Kenny, Christopher T., Shiro Kuriwaki, Cory McCartan, Evan Rosenman, Tyler Simko, and Kosuke Imai. (2023). ``Comment: The Essential Role of Policy Evaluation for the 2020 Census Disclosure Avoidance System.'' Harvard Data Science Review, Special Issue 2: Dierential Privacy for the 2020 U.S. Census (January).

Abstract

In “Differential Perspectives: Epistemic Disconnects Surrounding the US Census Bureau’s Use of Differential Privacy,” boyd and Sarathy argue that empirical evaluations of the Census Disclosure Avoidance System (DAS), including our published analysis , failed to recognize how the benchmark data against which the 2020 DAS was evaluated is never a ground truth of population counts.
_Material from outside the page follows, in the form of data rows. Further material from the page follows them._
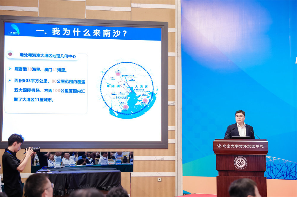 廣州市南沙區委常委、組織部部長張家炳介紹了南沙區的區位優勢、產業優勢、政策優勢、環境優勢,力邀北大學子選擇廣州、紮根南沙,投入到大灣區建設事業中。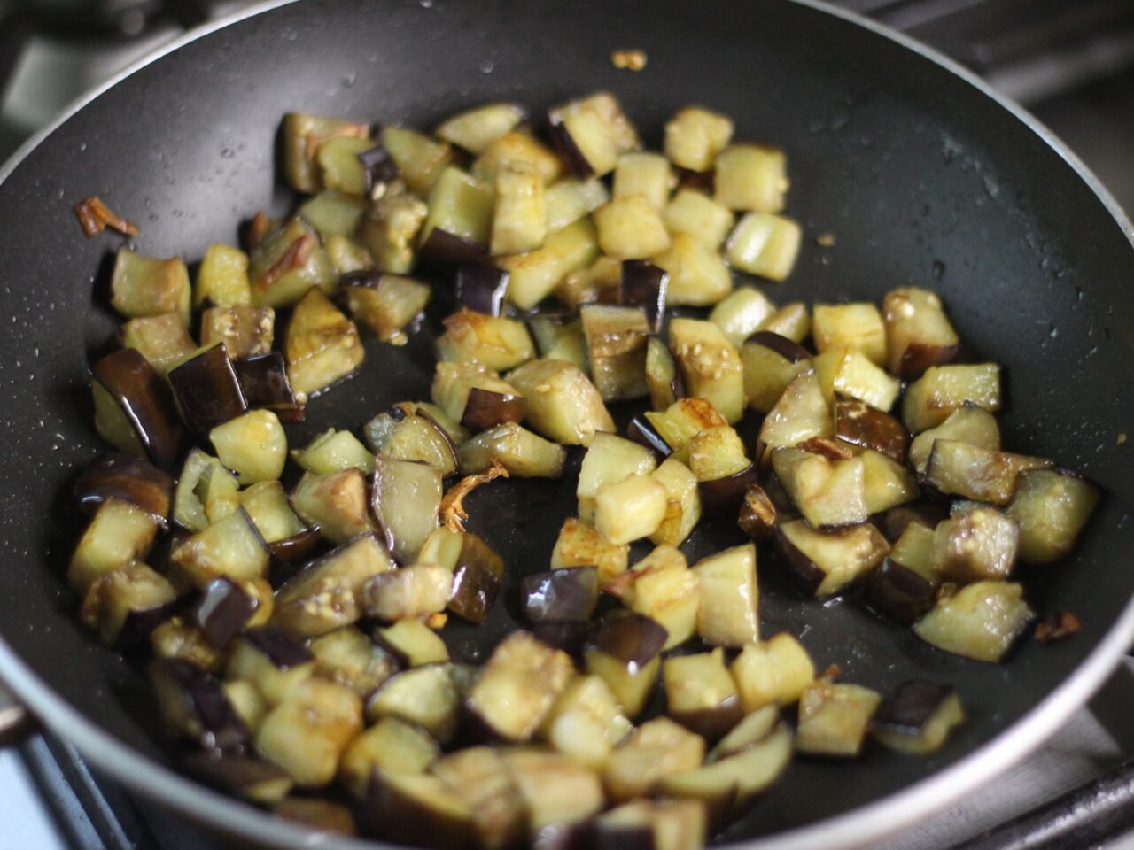 - Cut the eggplants into cubes and fry them in oil together with the chopped dried mushrooms until they become golden and soft.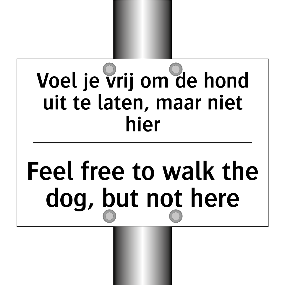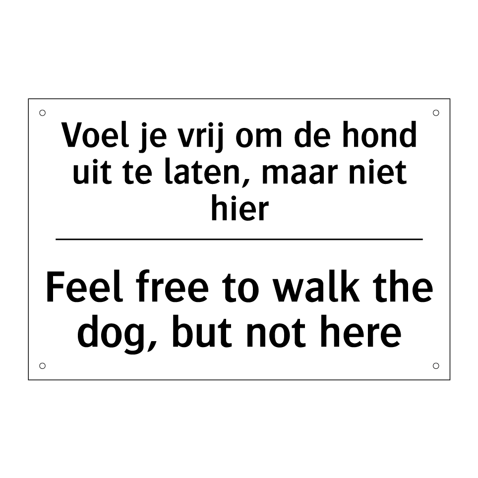 Verbodsbord met de tekst Voel je vrij om de hond uit te laten, maar niet hier en in het Engels: Feel free to walk the dog, but not here

In this commentary, we explain why policy evaluation, which was the main goal of our analysis, is still meaningful without access to a perfect ground truth. We also point out that our evaluation leveraged features specific to the decennial Census and redistricting data, such as block-level population invariance under swapping and voter file racial identification, better approximating a comparison with the ground truth. Lastly, we show that accurate statistical predictions of individual race based on the Bayesian Improved Surname Geocoding, while not a violation of differential privacy, substantially increases the disclosure risk of private information the Census Bureau sought to protect. We conclude by arguing that policy makers must confront a key trade-off between data utility and privacy protection, and an epistemic disconnect alone is insufficient to explain disagreements between policy choices.